Re: Re: [PORTS] Locale bug

From
Tom Lane
Date:
Bruce Momjian <pgman@candle.pha.pa.us> writes:
> Is this still an issue on FreeBSD?  Do we need to disable this problem
> somehow?

No, and no, because all calls of isalpha() and friends now force the
data to be interpreted as unsigned char.

Andriy, would you check 7.1beta to ensure the problem is gone?

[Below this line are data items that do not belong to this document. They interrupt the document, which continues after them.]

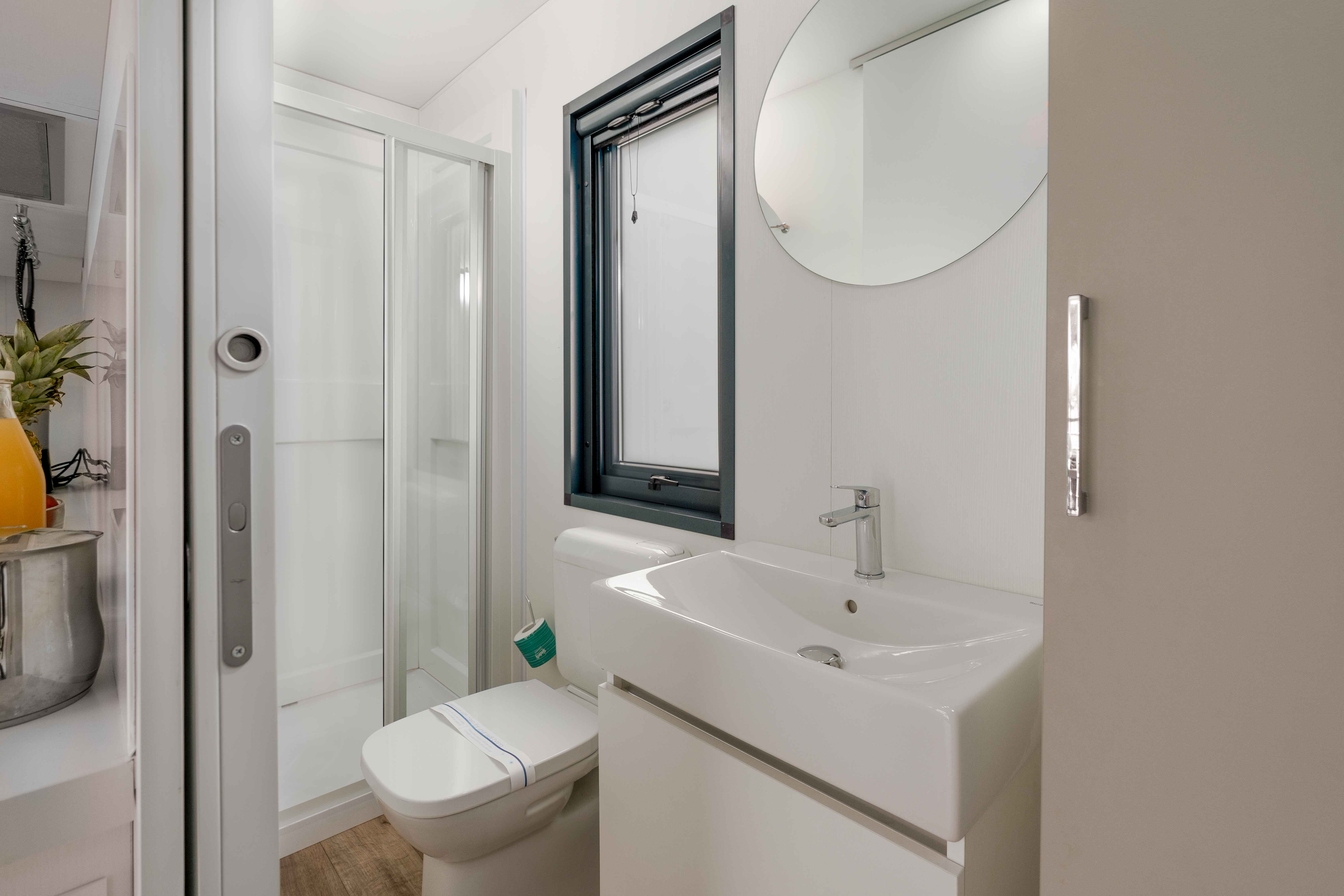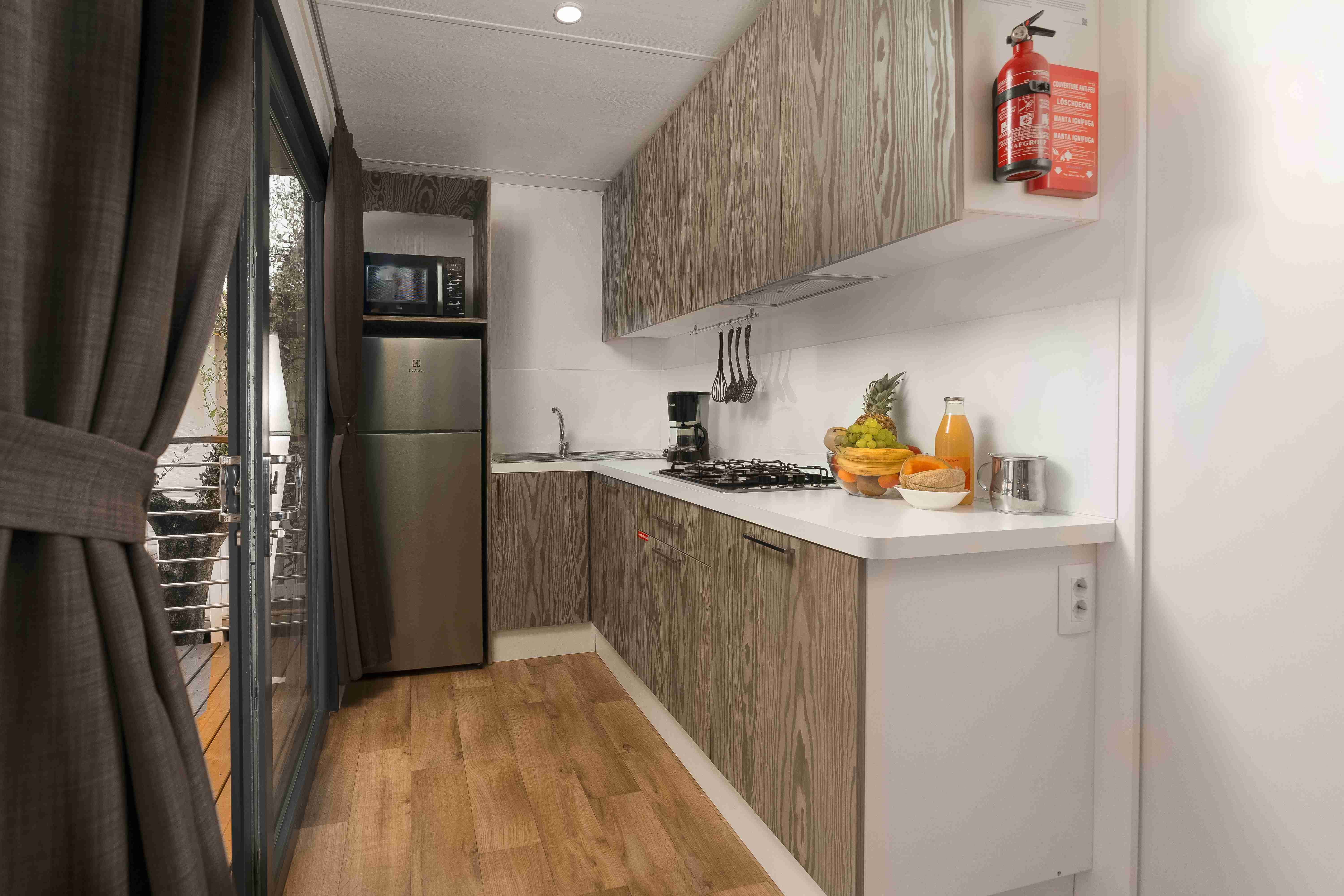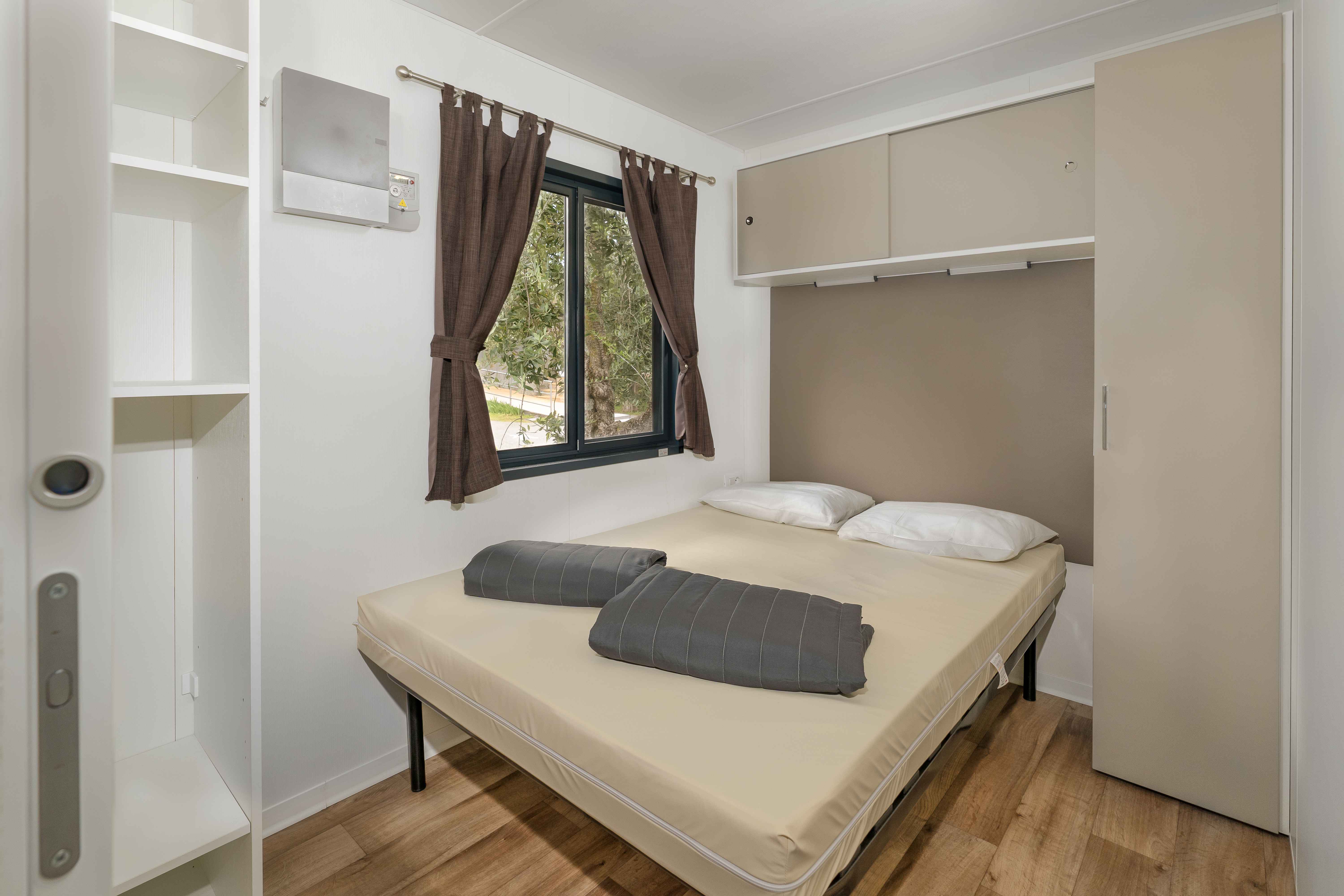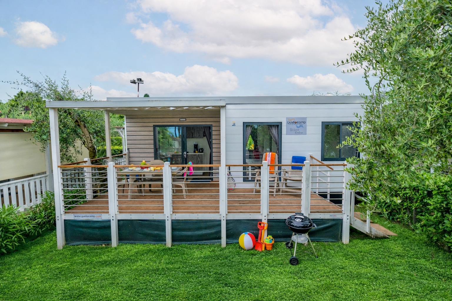 A Solare Deluxe mobilház 27 m²-es, okosan megtervezett életterével modern és világos belső teret kínál, amely ideális választás kisebb családok számára. A házban két hálószoba található – egy franciaágyas és egy két külön ággyal rendelkező szoba –, így összesen maximum 5 fő részére biztosít kényelmes elhelyezést, az ötödik vendég a nappaliban lévő kanapén pihenhet. A konyha minden igényt kielégít a magas hűtőszekrénnyel, fagyasztóval, 4 égős gázfőzőlappal, kávéfőzővel, vízforralóval és mikrohullámú sütővel. A tágas, részben fedett fa teraszon prémium kerti bútorok és saját gázüzemű barbecue sütő várja a vendégeket. Az extra kényelemről minden ablakon szúnyogháló, valamint hűtésre és fűtésre egyaránt alkalmas légkondicionáló gondoskodik
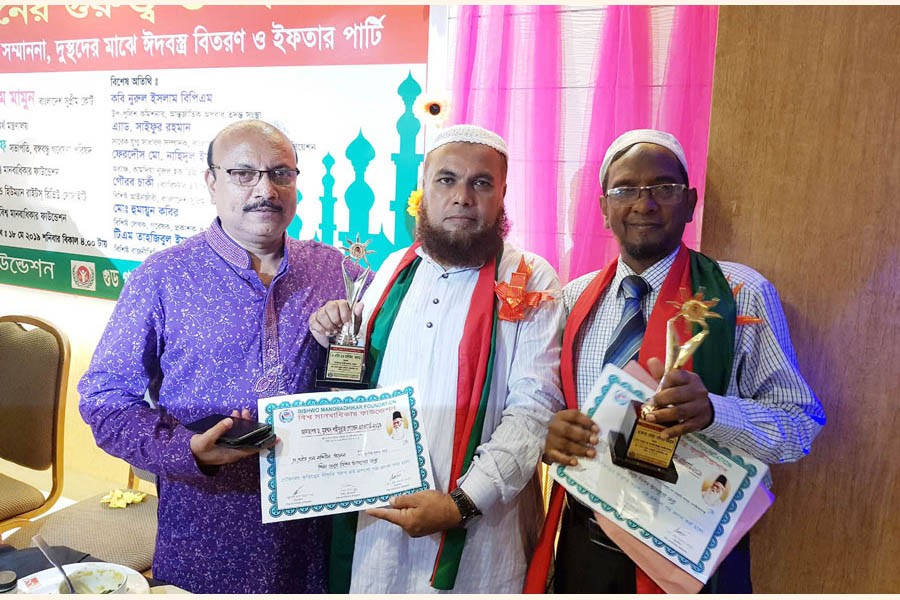 Justice Abdus Salam Mamun handing over Gyantaposh Dr Muhammad Shahidullah Golden Award to Principal of Nasratpur Degree Collage AHM Masiul Alam at a function in Bogura recently for his outstanding contribution to education — FE Photo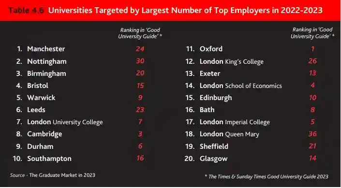 •在2022-2023年,最受顶尖毕业生雇主青睐的10所大学是曼彻斯特、诺丁汉、伯明翰、布里斯托、华威、利兹、伦敦大学学院、剑桥、杜伦和南安普顿。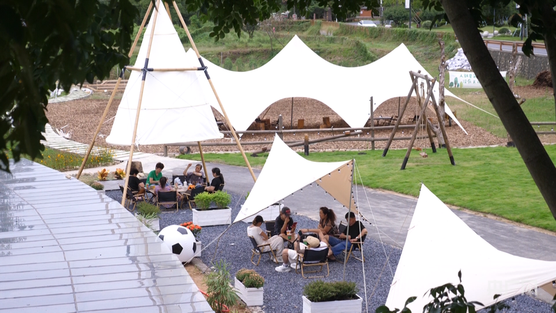 2023年,俞佳慧在自家的葡萄园旧址上打造了一个家庭农场,为亲子家庭提供休憩、游玩、打卡的田园生活体验空间。“2023年国庆节期间,农场刚一开业,就吸引到每天几百人的客流量。”俞佳慧说,余村乃至整个安吉的民宿、村咖赛道都已经足够“卷”了,她希望能为游客留在余村找到更多理由。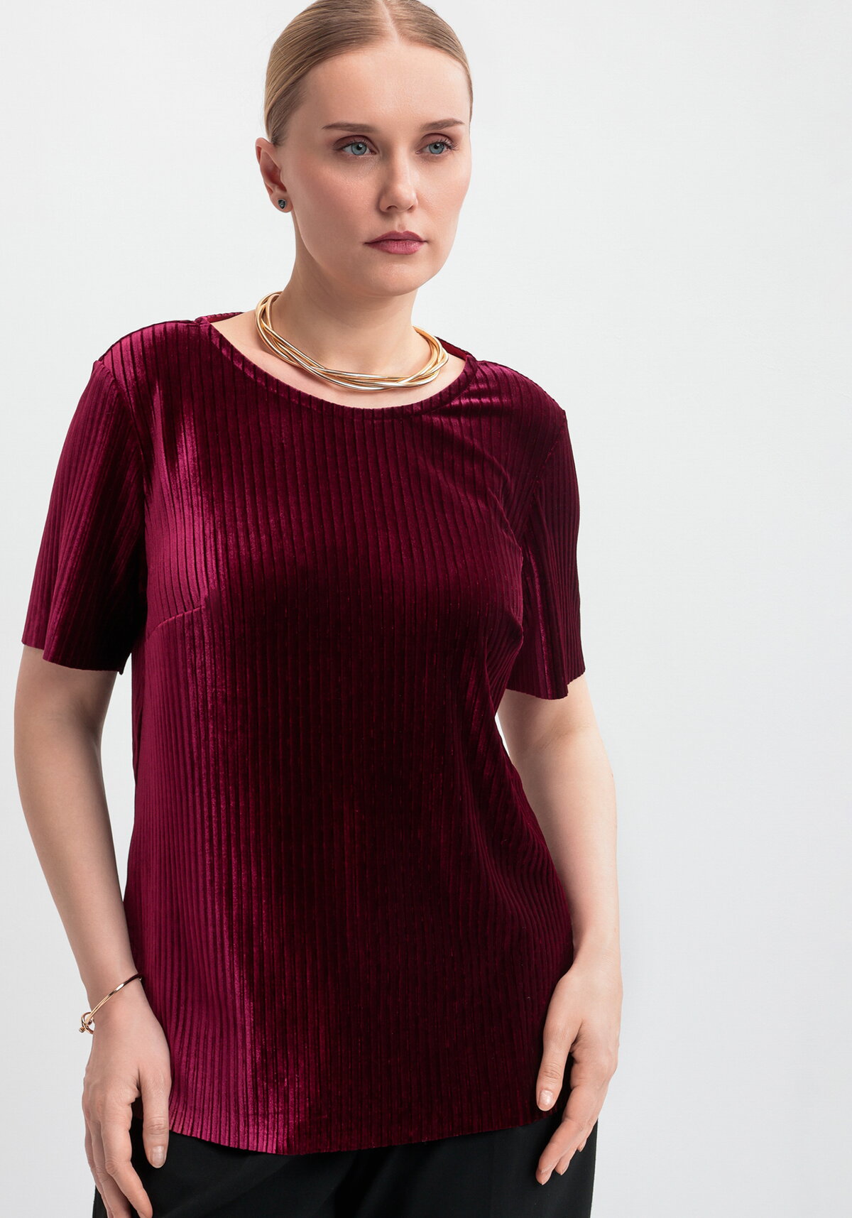 Элегантная блуза из плиссированного бархата. Модель с коротким рукавом и круглым вырезом. Свободный крой.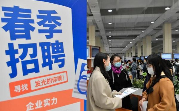 3月25日,在中国(天津)人力资源发展促进中心,招聘企业工作人员与求职者交流。新华社记者孙凡越 摄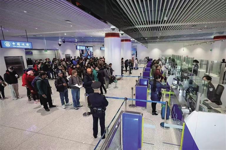 在邊境通行證辦理和邊境檢查站點(diǎn)優(yōu)化方面,西藏邊檢總站聚焦邊境通行證申領(lǐng)辦理過程中的難點(diǎn)、痛點(diǎn)、熱點(diǎn)問題,逐個進(jìn)行攻堅(jiān)突破。2024年,新增18個非邊境縣辦理邊境通行證的權(quán)限,至此,辦證室(點(diǎn))已覆蓋全區(qū)74個縣(區(qū)、市)以及重要交通樞紐,極大地方便了群眾就近辦理邊境通行證。同時,結(jié)合邊境路網(wǎng)建設(shè)規(guī)劃和邊境檢查站點(diǎn)設(shè)置情況,不斷調(diào)整優(yōu)化邊境檢查站點(diǎn)布局,為邊境地區(qū)經(jīng)濟(jì)社會發(fā)展疏通脈絡(luò)。全年共檢查進(jìn)出邊境管理區(qū)人員1155萬余人次。
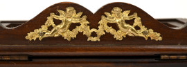 Leggio in legno con profili in bronzo, XX secolo, cm 31x22x24, (difetti)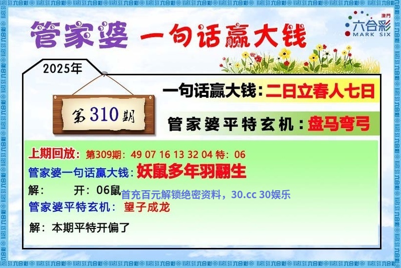 | 312期:一码三中三 | 312期:①尾中特码 |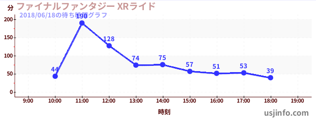• ファイナルファンタジー XRライド$B$N(B2018年06月18日の待ち時間

            regards, tom lane

Re: [PORTS] Locale bug

From
bamby
Date:
On Wed, 24 Jan 2001, Bruce Momjian wrote:

>
> Is this still an issue on FreeBSD?  Do we need to disable this problem
> somehow?

This is still actual problem on recent FreeBSD 4.2-STABLE. And I
successfully resolved this problem with my patch on several FreeBSD
installations of PostgreSQL including version 7.0.3.

As to comments on the patch, I found only one.

On Fri, 16 Jun 2000, Giles Lean wrote:

>
> > Can someone comment on this?
>
> The ctype functions operate for unsigned characters.  I think it's a
> K&R C hangover that they take int arguments, as anything smaller than
> int was widened as it was passed in a function call.
>
> There are plenty of platforms where 'char' is a signed type, including
> HP-UX on PA-RISC and some NetBSD but not all NetBSD ports.

FreeBSD have signed char by default too and this is the main piece of the
problem.

> > >   othercase(ch)
> > >   int            ch;
> > >   {
> > >   ...
> > >           return toupper(ch);
>
> That's definitely not OK.  toupper((unsigned char) ch) is.  I'm not
> familiar enough with the code that is being patched to comment on the
> patch that was offered, sorry.

This comment refers to original code, not to patched one.

  Kind regards,
  Andriy I Pilipenko
  PAI1-RIPE


Re: Re: [PORTS] Locale bug

From
Andriy I Pilipenko
Date:
On Wed, 24 Jan 2001, Tom Lane wrote:

> Bruce Momjian <pgman@candle.pha.pa.us> writes:
> > Is this still an issue on FreeBSD?  Do we need to disable this problem
> > somehow?
>
> No, and no, because all calls of isalpha() and friends now force the
> data to be interpreted as unsigned char.
>
> Andriy, would you check 7.1beta to ensure the problem is gone?

I checked 7.1beta3 and it works fine. Problem is gone.
Thank you.

  Kind regards,
  Andriy I Pilipenko
  PAI1-RIPE